I think the thing that appeals to me most about her work is its dreamlike reality. Has anyone applied the term “surrealism” to her work? It may fit.
After the museum, we took a stroll to the Santa Fe Plaza, a large square surrounded by antique, or at least antique-looking buildings. Most of them have porticos over the sidewalks.
The buildings in the old town are required to be rendered shades of tan, but many have vividly colored wood trim. The plaza is ringed by examples of that.
When we arrived there were people under the porticos and on the square itself selling jewelry.
We were hungry by then and had lunch at Plaza Cafe.
We each had a cup of chicken tortilla soup, which is chicken vegetable, and instead of croutons, it has strips of crisp tortilla.
We shared a great BLT that included avocado. In fact, just about any food called New Mexican has avocado in it. The soup had pieces of avocado.
Just to be a wise-ass, I had a beer, Elevated IPA from an Albuquerque brewer called La Cumbre. It is well made, bitter enough with lots of flavor and some fragrance.
When we came out of the restaurant, the vendors were packing up. Joanna browsed a few stands but managed not to buy anything.
Karl’s posole, which we had for dinner few hours later, didn’t have avocado. It did have tender pieces of pork and red, yellow, and blue hominy.
We all sat around swapping stories after dinner. We turned the table on its side so everyone could sign it. We took the TV off mute to hear Lady Gaga sing at the Oscars.
We had to call it off early, though, because Karl and Jeanie needed to go to work in the morning. Stan had a flight at 6:30 or some other uncivil hour out of Albuquerque, which is an hour away.
Monday morning we got together with Jack T and Sunny for another great time telling stories. My dish, a chicken enchilada, was very colorful, with black beans, white sauce, red and green sweet peppers, a golden brown tortilla, and reminded me of Georgia O’Keeffe.
We were facing a three-hour drive so there was no beer or margarita.
We saw some interesting things on the way. First we crossed a basin, a plain surrounded by mountains with no streams in or out. The only water in is precipitation; the only way for it to go out is evaporation.

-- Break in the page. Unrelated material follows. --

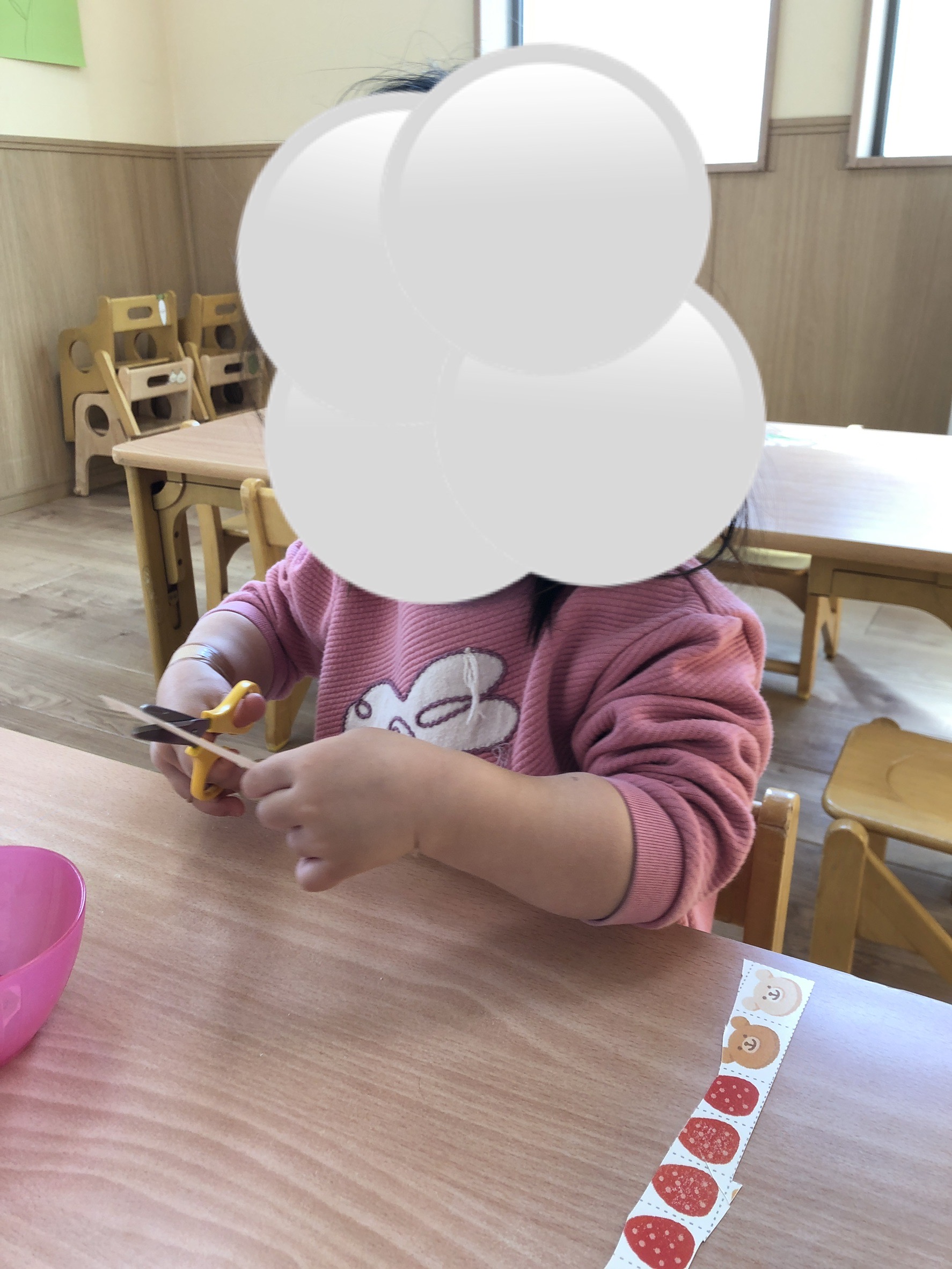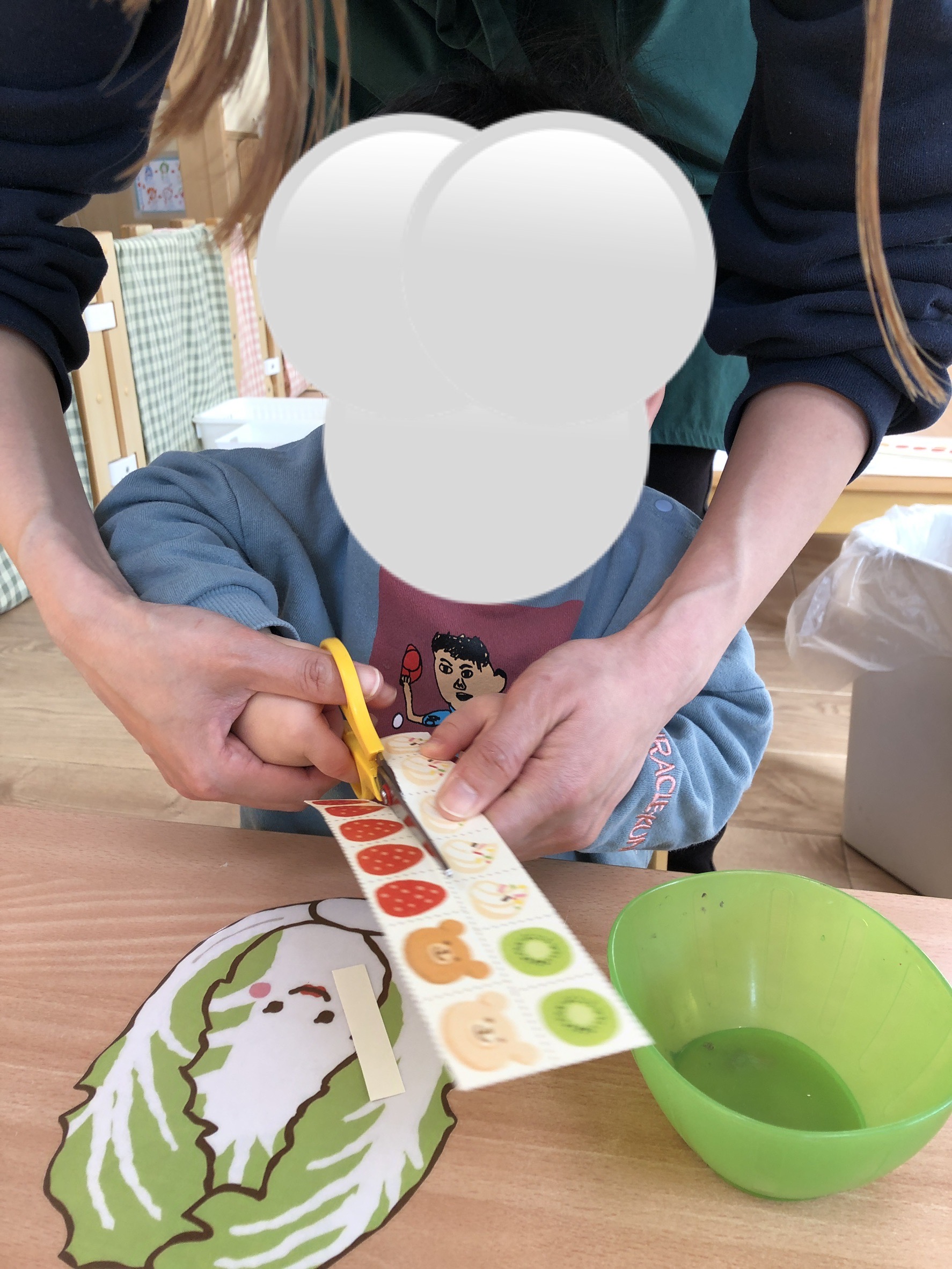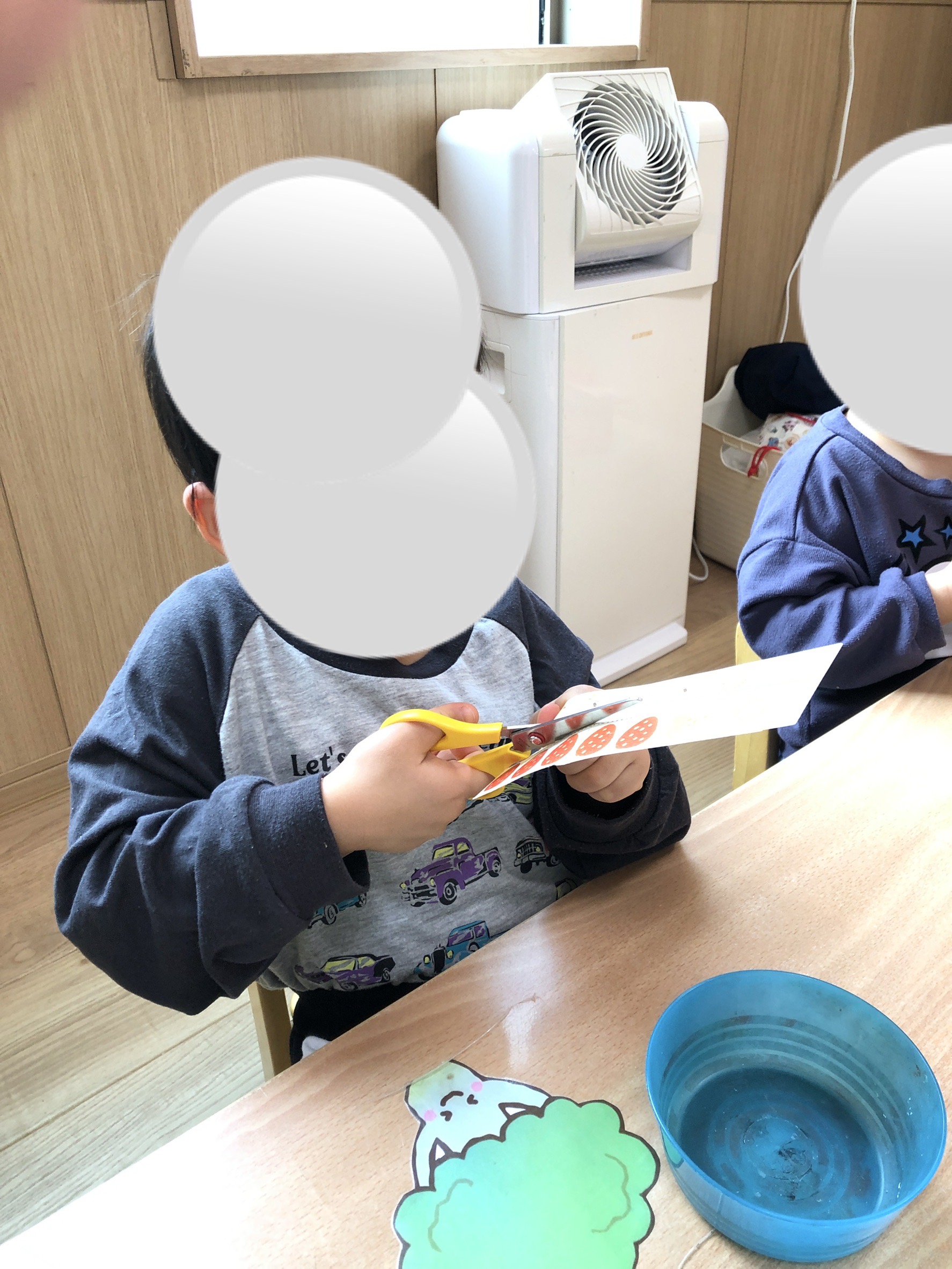 今週、Blue Bearsさん(2歳児)が初めてのはさみ練習をしました✂️

A long section of the trip was through seemingly endless flat country. The land rolled a bit but we couldn’t see any mountains on the horizon.
Much of the time we saw a few cows in vast pastures where they were dwarfed by the landscape.
We passed a few dying towns. One had a post office and a couple of run-down businesses, but the motel and many other buildings had been abandoned long ago.
We stopped to stretch next to a curiosity. Two large cutouts of men in cowboy hats stood facing each other across the highway. One was pointing while the other shrugged.
I have no idea what it was about. But it was fun to see out in all that empty country.
We finally came into the heartland of conspiracy theory, our latest destination, Roswell, New Mexico.
We managed to catch one of the “Men in Black” movies on television Sunday night to prepare us for this part of the trip.
When we entered town there were favorable omens. Next to the “Welcome to Roswell” sign someone had put a bottle of wine, just like an offering at Marie Laveau’s tomb.
It had a label with little green bug-eyed men and was called El Marciano. Better than that, it was empty.
Does that mean one of the little green men in Area 51 managed to sneak out for a drink?
The town has a UFO research center. Maybe we’ll learn more there.
Till then, happy landings to all and to all a good night.